Partiamo proprio da Salvo, che ad Hong Kong ha appena sfondato il tetto stellato del milione. Lo ritroviamo in Germania, stavolta con il dipinto La Seconda Volta (San Raffaele a Lesbo), anno 2013. Raffigura il famoso monastero di Agios Raphael a Lesbo come un luogo deserto», spiegano dalla maison, «in cui prevale un’atmosfera magica, quasi poetica, con forti richiami ai mondi onirici di Giorgio de Chirico». Stima: € 30.000/40.000. Non solo. I fantastici anni ’60 milanesi sono rappresentati, tra gli altri, da un Achrome di Piero Manzoni, che «sotto forma di morbida fibra sintetica racchiusa in una teca trasparente, seduce con la brillantezza del suo bianco e sembra vivere di vita propria». Proviene da una collezione privata tedesca, la valutazione è di € 180.000/200.000.

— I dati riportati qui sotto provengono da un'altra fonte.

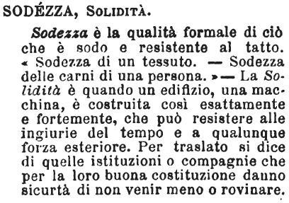 Sodezza - S. f. Qualità di ciò che è sodo; Durezza. Soliditas, aureo. [Cont.] Pall. A. Arch. I. 7. Se 'l terren sarà sodo e fermo, tanto in quello si caverà sotto quanto parerà al giudizioso architetto che richieda la qualità della fabbrica, e la sodezza di esso terreno. Vas. Arch. III. Palazzi i quali, per la sodezza e collegazione delle pietre, sono durati e mantenuti più che non hanno fatto tutti gli altri edificii. = Cr. 2. 8. 9. (C) Per la sodezza sua ritiene più natural colore. E num. 10. L'umore più lungamente dimora in cotal modo, sì per la tortezza, e sì ancora per la sodezza. Vegez. 154. I quali per la sodezza sono più gravi, e acconci a gittare. Baldin. Voc. Dis. 153. (Man.) E questo chiamano (gli architetti) sodo del terreno, quantunque non sempre si trovi della medesima sodezza. [G.M.] Segner. Mann. Marz. 9. Un principe, per risolvere se una moneta si abbia da ammettere nel suo Stato, che fa? Si contenta della apparenza? Non già: la fa gettare nel fuoco; perciocchè quivi subito si vedrà se corrisponde alla beltà la sodezza. E Quares. 14. 1. Gran Dio che avete in vostra mano le chiavi di quelle porte, alla cui sodezza non v'è diaspro nè diamante da mettersi in paragone, deh! vi piaccia un poco prestarmele per breve ora (le chiavi delle porte dell'inferno).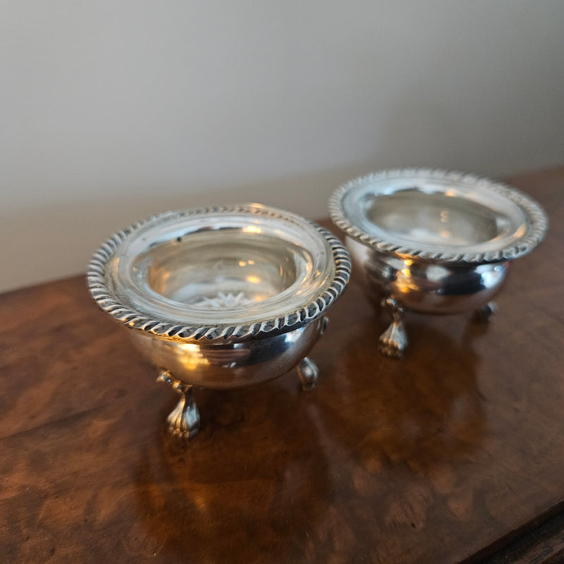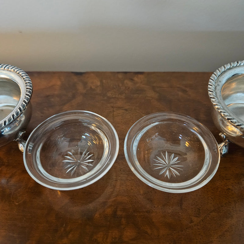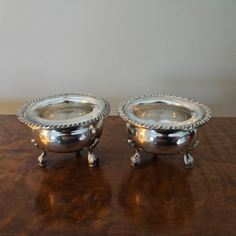 Pair of Vintage Silver & Glass Salts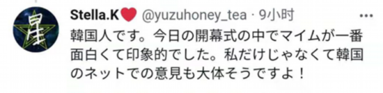 一位自称是韩国人的网友,用日语留言道:“开幕式所有表演中这个环节最有趣,给我留下了很深的印象,不仅是我个人的看法,韩国网络上大多都这么认为!”↓

Salvo, La seconda Volta ( San Raffaele a Lesbo), 2013, olio su tavola, 34,5×43 cm – Stima 30.000-40.000 euro

C’è anche Bonalumi tra gli highlights di KARL & FABER, Nero, una tipica tela estroflessa degli anni ’60, in cui «la dimensione cromatica monocroma dialoga con l’energia del movimento generato dalla forma circolare sagomata» (stima: € 90.000/120.000). A proposito di nomi nostrani, si unisce alla lista anche Dadamaino con un’opera della serie Volumi (stima € 25.000/30.000), Rodolfo Aricò, con un Senza titolo monocromo, bianco (stima € 20.000/25.000), e così un’astrazione di Giorgio Griffa, con la tela Orizzontale del 1972 e il suo inconfondibile alfabeto segnico (stima: € 20.000/25.000).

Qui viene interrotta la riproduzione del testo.